Activity: Go to the line with "Podtitul: 22 výletů" in the records below, then output it and each following line exactly, up to and including the line with "ДвернойСервис24.рф по адресу". Skip pictures and add nothing.

Data supplied:

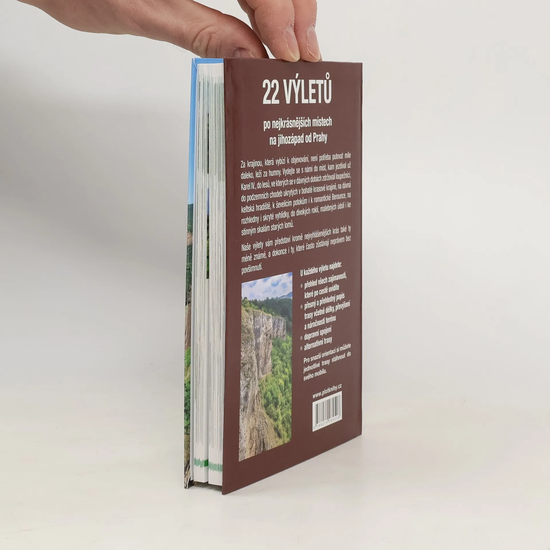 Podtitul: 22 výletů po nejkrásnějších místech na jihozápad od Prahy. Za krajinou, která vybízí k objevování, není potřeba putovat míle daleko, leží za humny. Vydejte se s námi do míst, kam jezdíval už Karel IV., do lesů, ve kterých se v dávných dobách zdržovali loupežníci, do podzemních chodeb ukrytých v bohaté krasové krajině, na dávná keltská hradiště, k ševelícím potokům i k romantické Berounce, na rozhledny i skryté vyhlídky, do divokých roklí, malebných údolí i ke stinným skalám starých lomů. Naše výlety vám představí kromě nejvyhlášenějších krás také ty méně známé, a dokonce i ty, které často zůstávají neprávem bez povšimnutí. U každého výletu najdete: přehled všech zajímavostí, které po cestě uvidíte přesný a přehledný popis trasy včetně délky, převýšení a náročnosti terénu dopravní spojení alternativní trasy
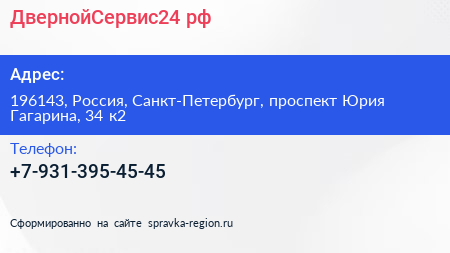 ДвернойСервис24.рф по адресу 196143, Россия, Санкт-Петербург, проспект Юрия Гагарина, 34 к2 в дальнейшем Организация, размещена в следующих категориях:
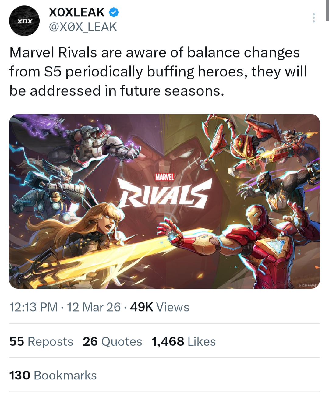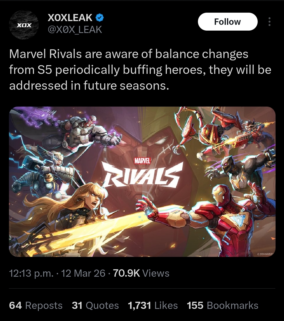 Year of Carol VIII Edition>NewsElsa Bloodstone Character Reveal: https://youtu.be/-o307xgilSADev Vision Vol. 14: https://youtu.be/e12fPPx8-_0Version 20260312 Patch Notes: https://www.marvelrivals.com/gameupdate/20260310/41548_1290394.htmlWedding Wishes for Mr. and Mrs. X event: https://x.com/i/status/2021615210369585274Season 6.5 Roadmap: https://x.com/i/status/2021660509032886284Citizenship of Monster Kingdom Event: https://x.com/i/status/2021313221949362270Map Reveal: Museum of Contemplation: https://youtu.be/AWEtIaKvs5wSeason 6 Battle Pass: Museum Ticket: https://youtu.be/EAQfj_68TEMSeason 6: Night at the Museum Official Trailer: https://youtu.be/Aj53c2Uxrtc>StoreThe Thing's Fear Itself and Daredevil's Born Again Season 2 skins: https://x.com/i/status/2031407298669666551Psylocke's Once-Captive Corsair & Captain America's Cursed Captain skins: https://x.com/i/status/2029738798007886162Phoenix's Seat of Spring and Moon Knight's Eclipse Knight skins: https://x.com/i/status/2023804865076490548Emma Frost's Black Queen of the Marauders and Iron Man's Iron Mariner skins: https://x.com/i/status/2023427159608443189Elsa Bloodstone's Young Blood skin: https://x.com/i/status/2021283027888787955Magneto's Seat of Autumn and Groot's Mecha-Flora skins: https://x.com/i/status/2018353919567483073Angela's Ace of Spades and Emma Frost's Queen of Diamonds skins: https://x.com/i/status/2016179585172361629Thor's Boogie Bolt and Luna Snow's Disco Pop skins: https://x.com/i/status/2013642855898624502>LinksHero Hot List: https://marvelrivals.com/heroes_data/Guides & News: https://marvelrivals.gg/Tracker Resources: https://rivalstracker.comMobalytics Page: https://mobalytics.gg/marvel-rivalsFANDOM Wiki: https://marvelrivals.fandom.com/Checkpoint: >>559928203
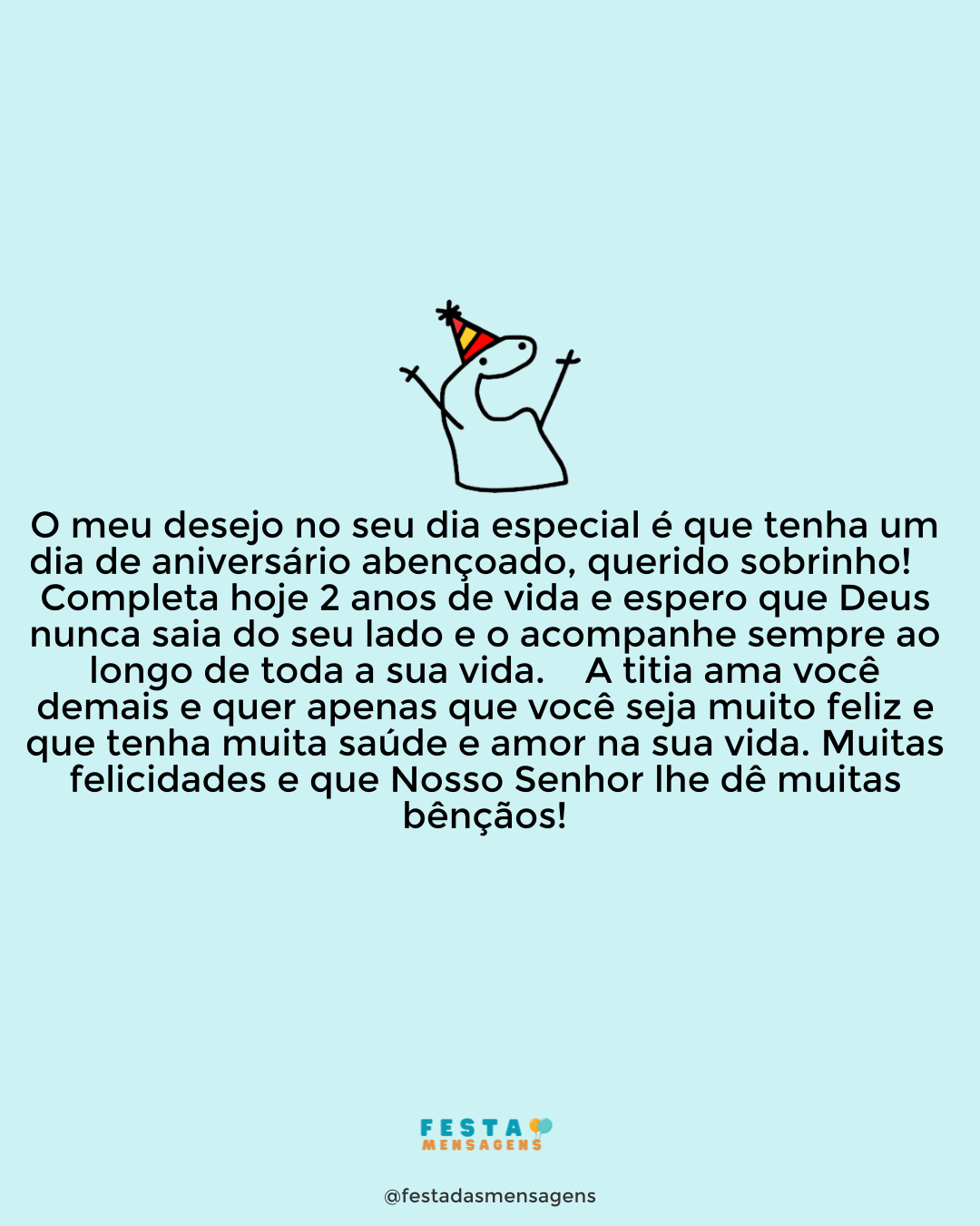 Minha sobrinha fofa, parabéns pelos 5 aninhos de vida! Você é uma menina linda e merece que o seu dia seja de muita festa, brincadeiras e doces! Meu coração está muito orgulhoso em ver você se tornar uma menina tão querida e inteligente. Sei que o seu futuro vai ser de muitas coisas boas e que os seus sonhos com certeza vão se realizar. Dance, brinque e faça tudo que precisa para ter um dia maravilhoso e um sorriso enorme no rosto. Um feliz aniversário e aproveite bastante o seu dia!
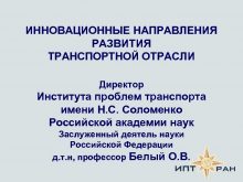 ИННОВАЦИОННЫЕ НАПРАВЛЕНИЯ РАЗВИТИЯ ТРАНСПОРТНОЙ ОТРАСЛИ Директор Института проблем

--

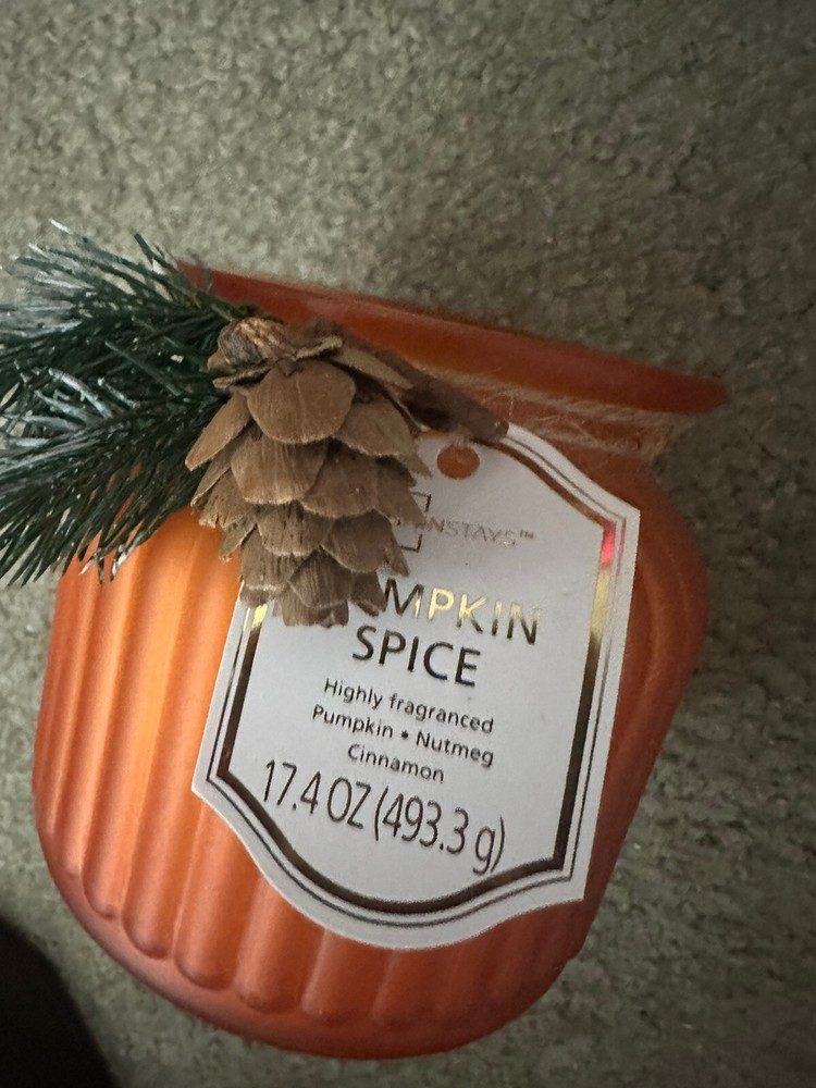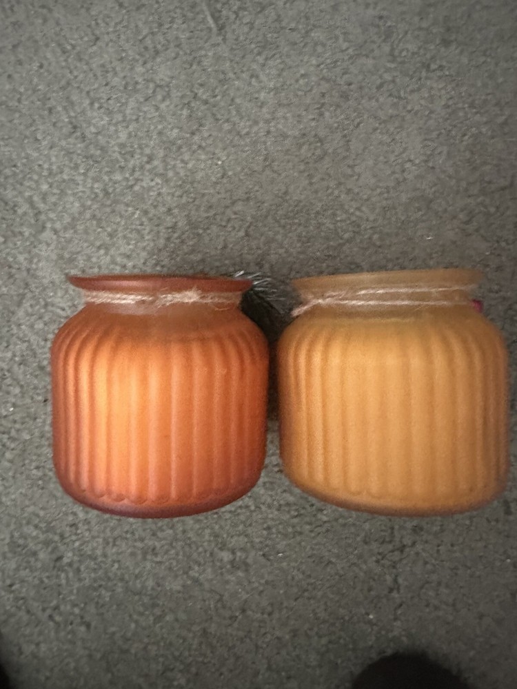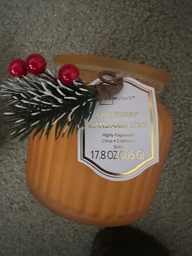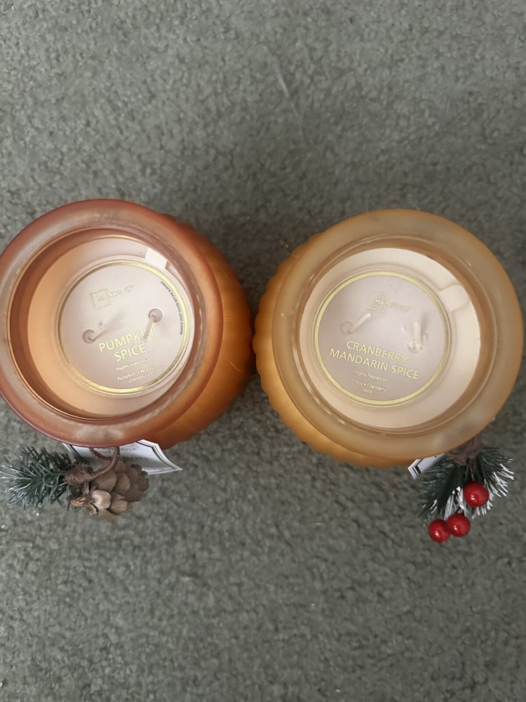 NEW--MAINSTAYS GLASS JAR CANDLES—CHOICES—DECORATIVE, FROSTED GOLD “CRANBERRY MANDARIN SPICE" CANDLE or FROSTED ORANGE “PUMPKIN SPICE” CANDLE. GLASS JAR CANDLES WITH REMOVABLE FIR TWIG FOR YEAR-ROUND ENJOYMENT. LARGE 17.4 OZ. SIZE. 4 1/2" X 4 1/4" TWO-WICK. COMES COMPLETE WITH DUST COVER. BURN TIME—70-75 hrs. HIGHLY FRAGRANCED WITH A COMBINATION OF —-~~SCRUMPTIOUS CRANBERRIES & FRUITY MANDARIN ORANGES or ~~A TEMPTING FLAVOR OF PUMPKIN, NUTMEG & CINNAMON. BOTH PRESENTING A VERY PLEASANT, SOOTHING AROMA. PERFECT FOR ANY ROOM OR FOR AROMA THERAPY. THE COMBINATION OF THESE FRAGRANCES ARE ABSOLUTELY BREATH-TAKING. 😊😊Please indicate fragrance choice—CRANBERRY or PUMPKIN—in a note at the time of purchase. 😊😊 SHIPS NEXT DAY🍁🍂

---

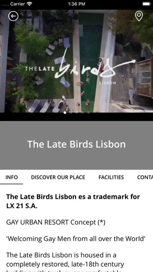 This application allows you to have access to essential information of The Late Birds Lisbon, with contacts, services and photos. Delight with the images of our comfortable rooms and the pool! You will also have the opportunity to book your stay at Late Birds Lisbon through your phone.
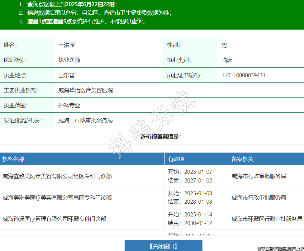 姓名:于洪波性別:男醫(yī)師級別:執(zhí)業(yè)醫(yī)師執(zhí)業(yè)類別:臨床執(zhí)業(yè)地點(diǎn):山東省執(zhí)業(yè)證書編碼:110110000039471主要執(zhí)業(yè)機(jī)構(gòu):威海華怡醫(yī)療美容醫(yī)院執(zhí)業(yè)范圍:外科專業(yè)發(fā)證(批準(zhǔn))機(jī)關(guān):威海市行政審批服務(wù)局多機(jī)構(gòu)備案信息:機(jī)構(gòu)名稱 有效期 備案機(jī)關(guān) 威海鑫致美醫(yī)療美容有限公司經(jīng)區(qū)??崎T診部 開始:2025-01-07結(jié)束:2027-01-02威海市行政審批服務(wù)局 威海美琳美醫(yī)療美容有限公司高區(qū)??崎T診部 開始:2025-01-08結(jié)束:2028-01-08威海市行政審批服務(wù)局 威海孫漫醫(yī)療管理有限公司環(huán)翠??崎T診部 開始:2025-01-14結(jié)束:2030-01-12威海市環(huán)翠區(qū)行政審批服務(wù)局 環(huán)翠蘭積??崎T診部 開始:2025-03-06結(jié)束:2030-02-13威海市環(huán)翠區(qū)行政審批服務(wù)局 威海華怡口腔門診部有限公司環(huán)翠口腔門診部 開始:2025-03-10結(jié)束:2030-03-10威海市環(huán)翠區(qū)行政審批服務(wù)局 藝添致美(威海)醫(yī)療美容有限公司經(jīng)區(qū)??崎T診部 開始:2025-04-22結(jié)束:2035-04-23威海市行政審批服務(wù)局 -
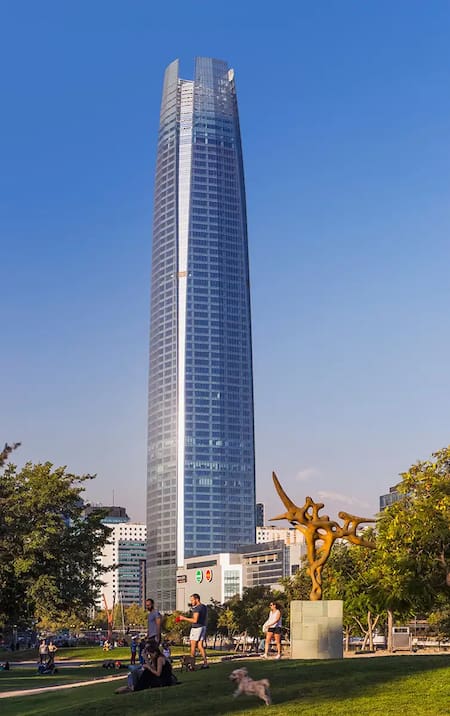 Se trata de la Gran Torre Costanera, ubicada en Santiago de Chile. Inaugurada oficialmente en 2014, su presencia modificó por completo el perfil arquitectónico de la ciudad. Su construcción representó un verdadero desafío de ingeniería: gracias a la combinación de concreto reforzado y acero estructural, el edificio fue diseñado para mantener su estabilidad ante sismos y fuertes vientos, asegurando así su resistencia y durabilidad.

Your solution:
 Podtitul: 22 výletů po nejkrásnějších místech na jihozápad od Prahy. Za krajinou, která vybízí k objevování, není potřeba putovat míle daleko, leží za humny. Vydejte se s námi do míst, kam jezdíval už Karel IV., do lesů, ve kterých se v dávných dobách zdržovali loupežníci, do podzemních chodeb ukrytých v bohaté krasové krajině, na dávná keltská hradiště, k ševelícím potokům i k romantické Berounce, na rozhledny i skryté vyhlídky, do divokých roklí, malebných údolí i ke stinným skalám starých lomů. Naše výlety vám představí kromě nejvyhlášenějších krás také ty méně známé, a dokonce i ty, které často zůstávají neprávem bez povšimnutí. U každého výletu najdete: přehled všech zajímavostí, které po cestě uvidíte přesný a přehledný popis trasy včetně délky, převýšení a náročnosti terénu dopravní spojení alternativní trasy
 ДвернойСервис24.рф по адресу 196143, Россия, Санкт-Петербург, проспект Юрия Гагарина, 34 к2 в дальнейшем Организация, размещена в следующих категориях:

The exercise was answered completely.